Sa phrase avait rasé les visages de chacun avant de m’atteindre. Tout le monde fut surpris de la violence de sa remarque.
— Qu’est-ce que tu veux dire ? a demandé Georges. Elle t’a dit que sa mère est juive. Sa grand-mère est juive. Sa famille est morte à Auschwitz. Tu veux quoi en plus ? Il te faut un certificat médical ?
Mais Déborah ne s’est pas démontée.
— Ah oui. Tu parles du judaïsme dans tes livres ?
Je n’ai pas su quoi répondre, j’étais déstabilisée. Je me suis mise à bafouiller. Alors Déborah m’a fixée droit dans les yeux pour me dire :
— En fait, si je comprends bien, toi tu es juive quand ça t’arrange.
Chapitre 4
Georges,
Les remarques de Déborah m’ont blessée, mais si je suis honnête, je dois bien avouer qu’elles cachaient une vérité.
Je n’étais pas à l’aise de venir fêter Pessah chez toi.
À cause d’un quiproquo qui s’est installé entre nous, depuis notre premier dîner.
Je t’ai parlé de ma famille, de leur destin. Tu as pensé naturellement que j’avais grandi dans une culture qui est aussi la tienne, et tu as exprimé le fait que cela nous rapprochait. Et je n’ai pas démenti, parce que j’avais envie que « cela nous rapproche ».
Mais ce n’est pas la vérité.
Je suis juive mais je ne connais rien de cette culture.
Il faut que tu comprennes qu’après la guerre, ma grand-mère Myriam s’est rapprochée du Parti communiste, poursuivant ainsi l’idéal révolutionnaire de ses parents du temps où ils vivaient en Russie. Elle pensait que ses enfants, ses petits-enfants, naîtraient dans un monde nouveau, sans lien avec le monde ancien. Ma grand-mère, seule survivante après la guerre, n’est plus jamais entrée dans une synagogue.

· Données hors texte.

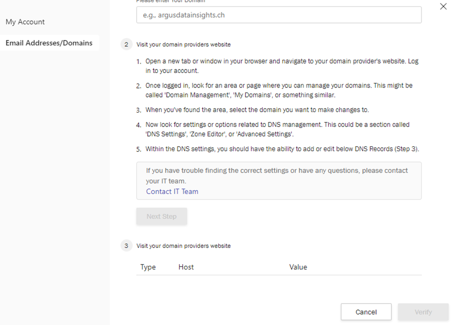 Après cela, allez à l’étape 3 et saisissez toutes les informations requises telles que le type, l’hôte et la valeur. Votre domaine sera alors vérifié.

Dieu était mort dans les camps de la mort.
À leur tour, mes parents ne nous ont pas élevées, mes sœurs et moi, dans le judaïsme. Les mythes fondamentaux de mon enfance, ma culture, mes modèles familiaux, appartiennent essentiellement au socialisme laïc et républicain, tel qu’il fut rêvé par une génération de jeunes adultes à la fin du XXe siècle. En cela, mes parents ressemblent à mes arrière-grands-parents dont je t’ai parlé, Ephraïm et Emma Rabinovitch.
Je suis née de parents qui ont eu 20 ans en 1968 et pour qui cela a compté. Ce fut là ma religion, si je peux dire.

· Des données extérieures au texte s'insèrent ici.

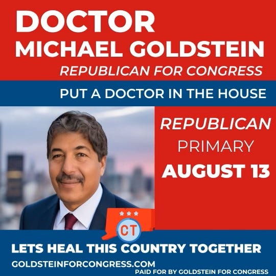 I strongly recommend that you cast your vote for Dr. Michael Goldstein as our candidate for the U.S. House. While it is without doubt an uphill battle to defeat Himes, if anyone can do it Michael can. He is a determined person and is both a physician and a lawyer. It takes a lot of discipline to do both. If elected he will bring common sense back to the House supporting individual freedoms and fiscal responsibility. And won’t it be nice to have a Doctor in the House. So please don’t forget to vote in the Republican Primary Tuesday August 13th. Polls are open from 6am to 8pm. You can also avail yourself of early voting anytime between 10am and 6pm today (Friday) or Saturday or Sunday at Town Hall. |

C’est la raison pour laquelle je ne suis jamais entrée dans une synagogue. Pour mes parents, la religion était l’opium du peuple. Je ne faisais pas shabbat le vendredi soir. Ni Pessah. Ni Kippour. Les grands moments de rassemblements familiaux, c’était la fête de l’Huma pour les concerts, c’était Barbara Hendricks chantant Le Temps des cerises sur la place de la Bastille, c’était « la fête des parents », une fête que nous avions inventée nous-mêmes, une version non pétainiste et anticapitaliste de la fête des Mères. Je ne connais aucun texte biblique, je ne connais aucun rite, je n’ai pas fait le Talmud Torah. En revanche, mon père me lisait parfois des extraits du Manifeste du Parti communiste le soir avant de m’endormir. Je ne sais pas lire l’hébreu mais j’ai lu tout Barthes, dont j’empruntais les essais dans la bibliothèque de mes parents.